The EmailValidator class, specifically, the "protected boolean isValidSymbolicDomain(String domain)" method makes an assumption on the PERL RegEX rules, specifically, that no more than 10 domains/subdomains may be specified in an email address. I.e. an email address of "foo@bar.2.3.4.5.6.7.8.9.com" is valid according to the EmailValidator whereas an email address of "foo@bar.1.2.3.4.5.6.7.8.9.com" causes isValidSymbolicDomain(String) to throw an ArrayIndexOutOfBoundsException because the "domainSegment" local variable is hard-coded to have a length of 10.
Whether or not this is due to a limitation in PERL w.r.t. the maximum number of allowed groupings, I do not know, but the RFC for email addresses does not appear to specify a maximum number. Additionally, although I couldn't find it in the RFC, Wikipedia says that the maximum number of characters for the domain name is 255 - though I am very hesitant to cite/use Wikipedia as an official source...
Granted, I've never seen a domain name w/ more than 5 subdomain names, let alone 10, but it seems like it should be supported regardless.
I'd submit a patch, but I wanted to discuss possible courses of action and determine the "right" (or at least acceptable) one.
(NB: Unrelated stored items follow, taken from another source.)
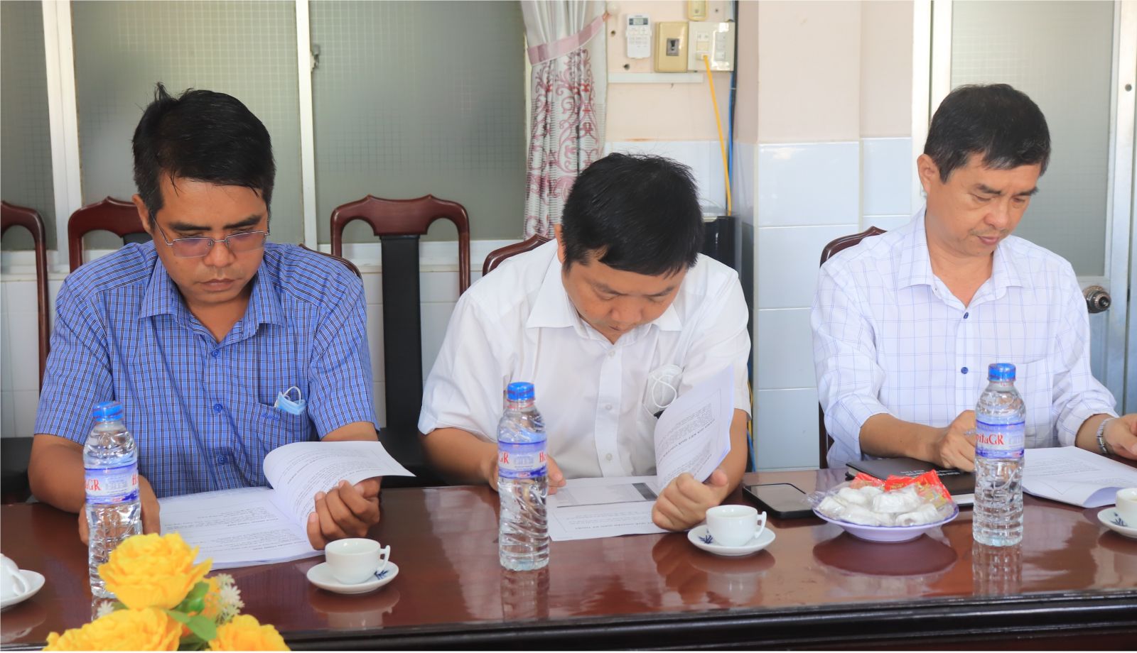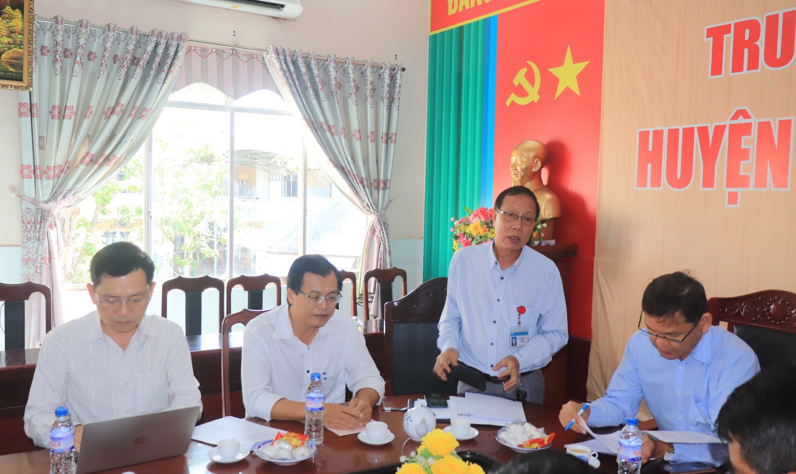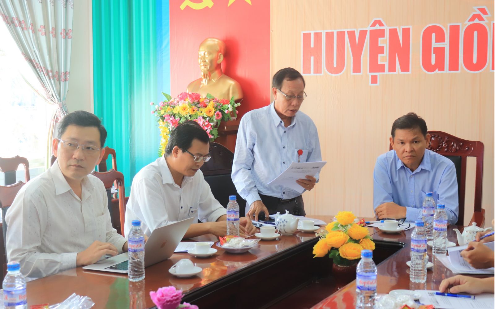 (Từ bên phải qua: Bs. Nguyễn Trúc Giang (P.Giám đốc SYT ; Bs. Lê Văn Nhì (Giám Đốc TTYT GR; Bs. Hà Quốc Việt (P. Giám đốc TTYT GR) ; Ths.Bs. Nguyễn Thành Nam (Trưởng phòng nghiệp vụ Y – Dược SYT).
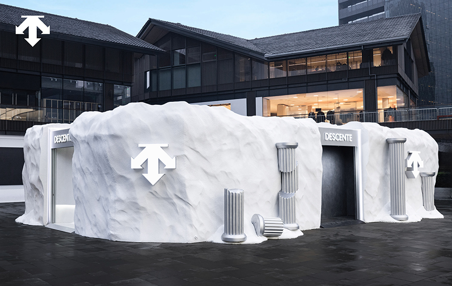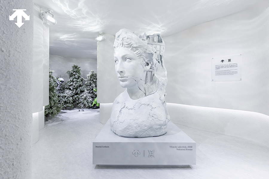 这次还有个特别看点,今年雪季迪桑特和 Daniel Arsham 合作带来了以“冬日山野”为灵感的全新联名系列,这在之前上海展时做了预告,现在则已经完整呈现,在成都站,展览最后一个区域做成了特别的联名主题冰雪空间,当中展出了 Daniel Arsham 为这次合作特别创作的雕塑《Victoria Labyrinth》,它延续了艺术家的美学,也和雪景、联名系列的冰雪机能做了融合,也是在观展的结尾为大家准备的惊喜。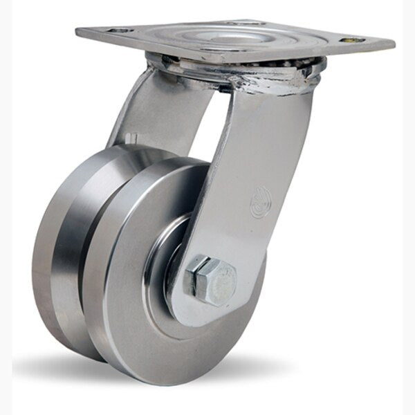 Stainless Steel Swivel Caster, 4" x 2" Stainless Steel V-Grooved Wheel, 3/4" Delrin Bearing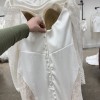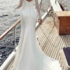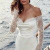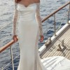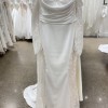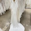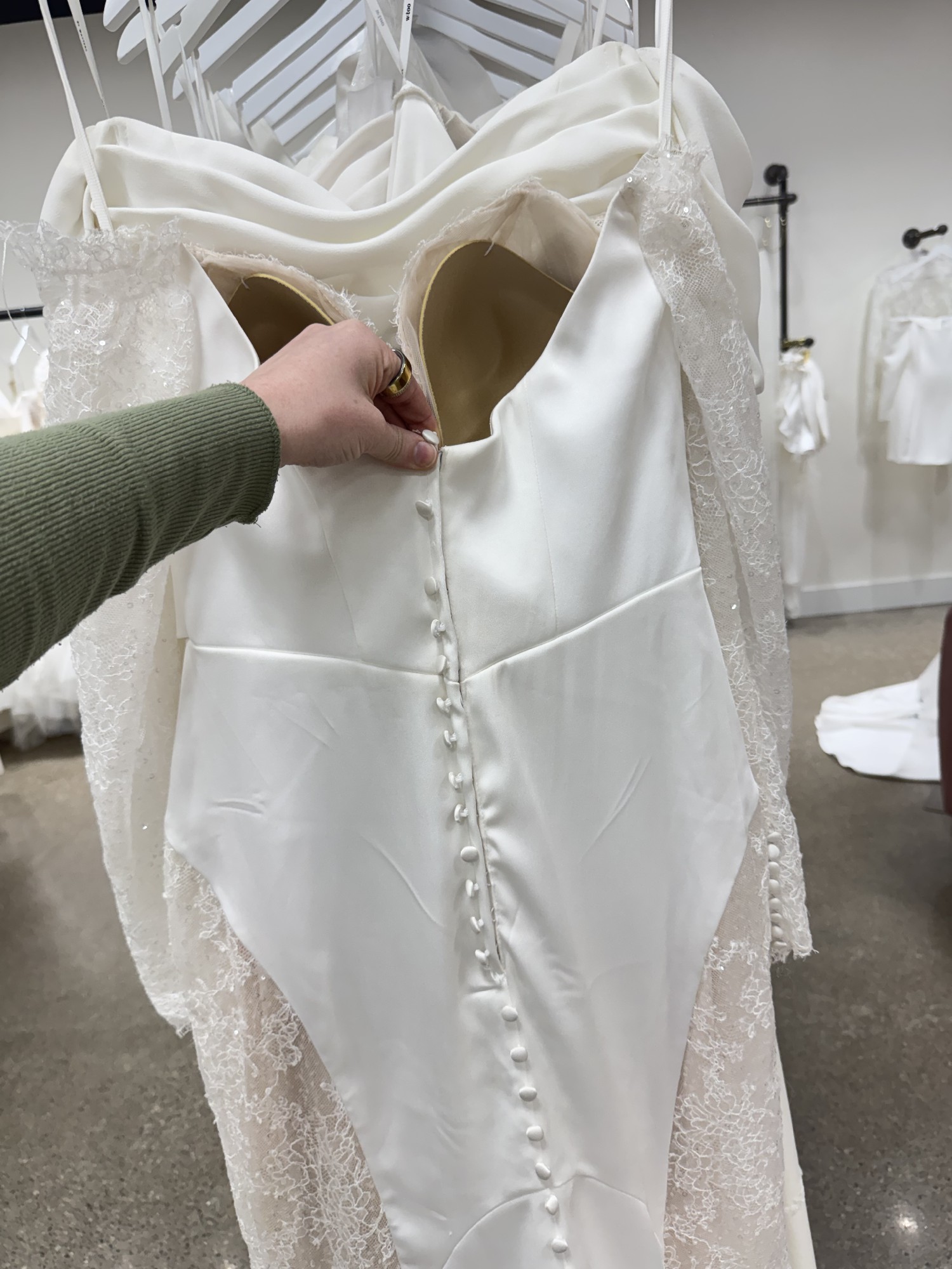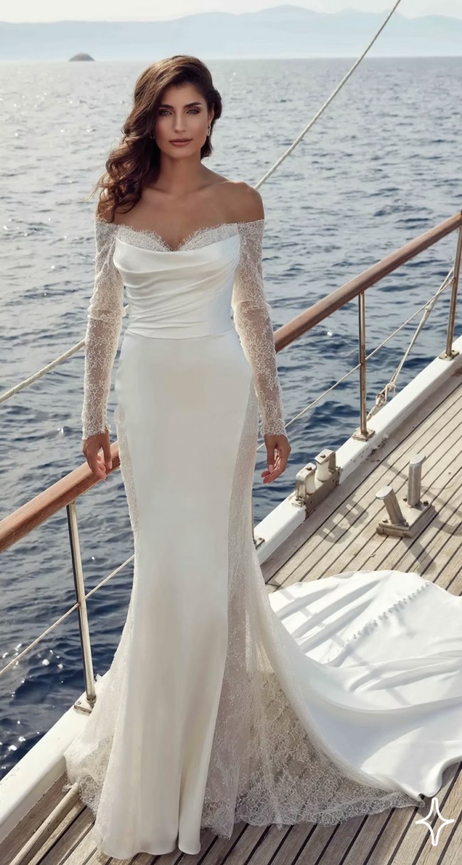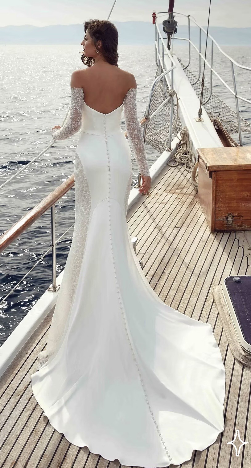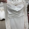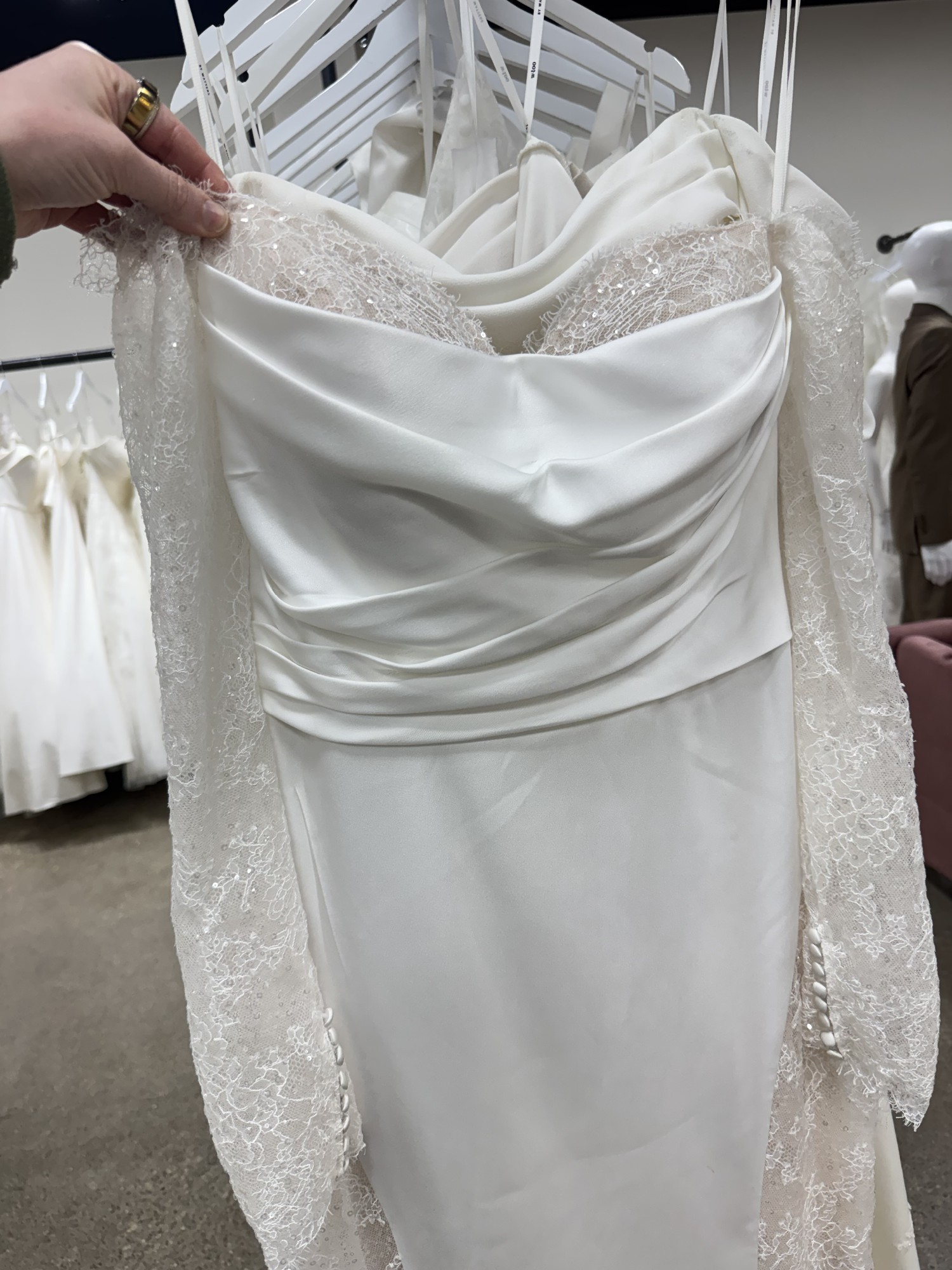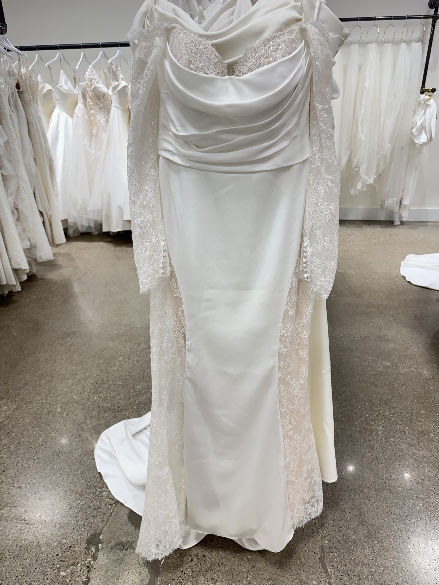 Fit-n-Flare satin charmeuse gown with side train cut-outs with heavily sequin embroidered Chantilly lace over champagne tulle, ivory and almond stretchy lining, long sleeves, Chantilly lace bust detail, buttons to end of train.

Possible solutions are:
1. check if the counter i in the for loop is > 10 and perform some action that stops the iterative process.
2. if the max number of groupings in PERL RegEX is 10, maybe we shouldn't use RegEX to determine the groupings.
3. if, per the RFC, the max number of domain name groupings is 10, then the code should check for this.
Please let me know if you 1) have an alternative solution and 2) want me to code a/the fix.
VALIDATOR-202.Currently the plan is to refactor the remaining validation routines into the new "routines" package, removing the dependency on Jakarata ORO (using JDK 1.4 built in regular expression support). As part of that I plan on creating a "domain validator" that both the Email and URL validators share. There have been a number of issues that have come up like this that get fixed in one of them but not the other - having a common "domain validator" should resolve this.